_WHAT TO PRODUCE_. Reproduce without any pictures the lines from the one that contains "Le troisième bouton" through the end of the records, exactly as written.

_TASK INPUTS_.
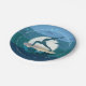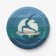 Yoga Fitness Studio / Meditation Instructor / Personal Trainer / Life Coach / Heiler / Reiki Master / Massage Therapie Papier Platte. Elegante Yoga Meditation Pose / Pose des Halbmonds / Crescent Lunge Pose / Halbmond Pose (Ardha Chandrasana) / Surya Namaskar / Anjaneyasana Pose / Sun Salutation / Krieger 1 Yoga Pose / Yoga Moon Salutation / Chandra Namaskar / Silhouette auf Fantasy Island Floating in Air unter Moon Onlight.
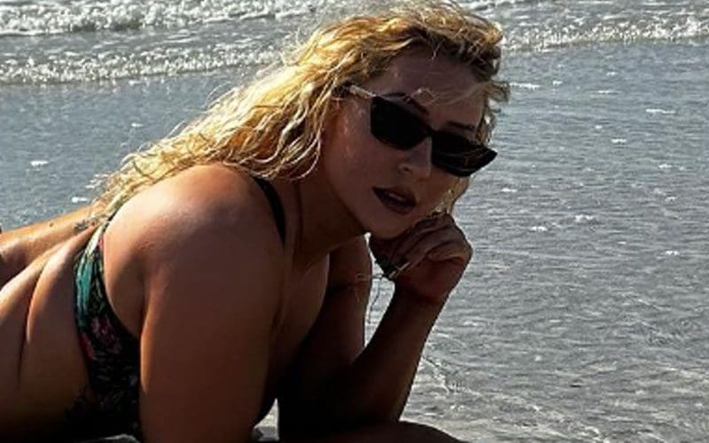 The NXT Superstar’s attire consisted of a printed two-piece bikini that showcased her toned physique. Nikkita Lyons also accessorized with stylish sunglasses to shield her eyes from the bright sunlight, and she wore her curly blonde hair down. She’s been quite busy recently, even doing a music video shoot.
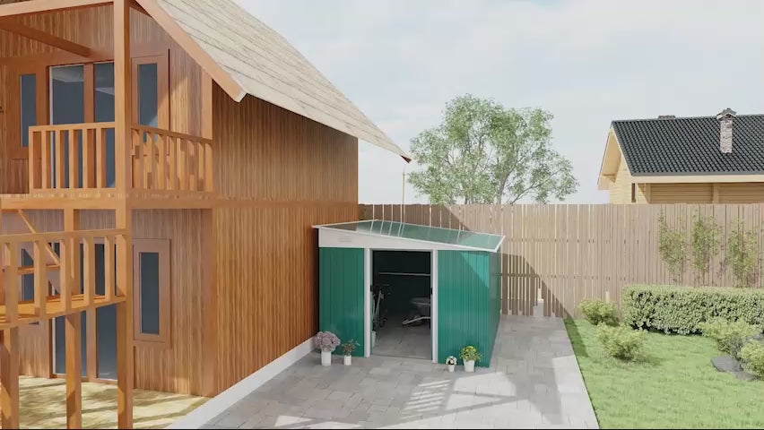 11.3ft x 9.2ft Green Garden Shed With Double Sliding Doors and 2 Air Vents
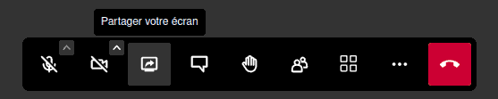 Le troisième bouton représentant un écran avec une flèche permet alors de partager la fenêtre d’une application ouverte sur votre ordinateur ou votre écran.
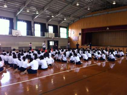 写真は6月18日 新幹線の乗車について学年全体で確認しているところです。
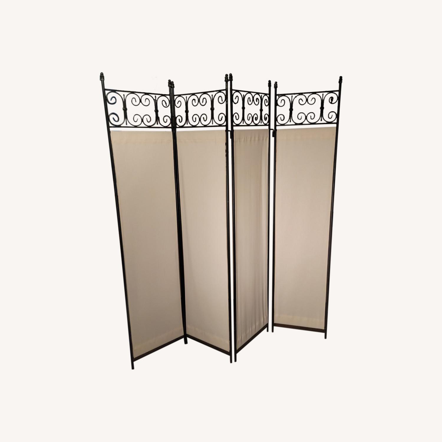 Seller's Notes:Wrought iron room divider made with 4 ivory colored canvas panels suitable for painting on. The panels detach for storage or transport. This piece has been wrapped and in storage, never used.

_SOLUTION TO THE EXERCISE_.
 Le troisième bouton représentant un écran avec une flèche permet alors de partager la fenêtre d’une application ouverte sur votre ordinateur ou votre écran.
 写真は6月18日 新幹線の乗車について学年全体で確認しているところです。
 Seller's Notes:Wrought iron room divider made with 4 ivory colored canvas panels suitable for painting on. The panels detach for storage or transport. This piece has been wrapped and in storage, never used.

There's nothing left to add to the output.